*EXERCISE REQUIREMENTS*.
Set down exactly the lines below between the line holding "1914: Young farmers, Westerwald" and the line holding "traits have a", inclusive; no other line belongs in the answer.

*GIVEN ENTRIES*.
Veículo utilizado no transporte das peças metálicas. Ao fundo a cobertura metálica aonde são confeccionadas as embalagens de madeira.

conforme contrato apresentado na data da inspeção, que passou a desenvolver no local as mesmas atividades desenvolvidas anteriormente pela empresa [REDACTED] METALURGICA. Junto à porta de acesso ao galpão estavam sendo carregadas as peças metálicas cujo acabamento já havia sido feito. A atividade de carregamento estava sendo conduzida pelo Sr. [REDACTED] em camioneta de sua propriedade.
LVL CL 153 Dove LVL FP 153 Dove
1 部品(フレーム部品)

* * *

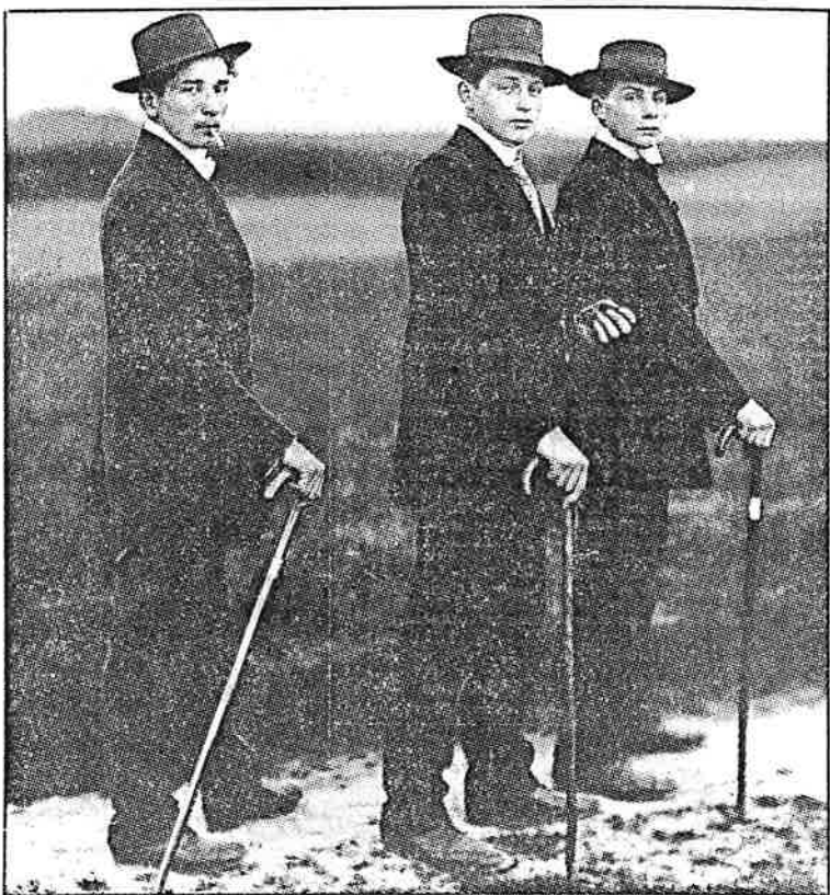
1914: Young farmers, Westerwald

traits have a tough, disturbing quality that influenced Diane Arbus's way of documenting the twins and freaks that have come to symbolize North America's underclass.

*ANSWER AREA*.
1914: Young farmers, Westerwald

traits have a tough, disturbing quality that influenced Diane Arbus's way of documenting the twins and freaks that have come to symbolize North America's underclass.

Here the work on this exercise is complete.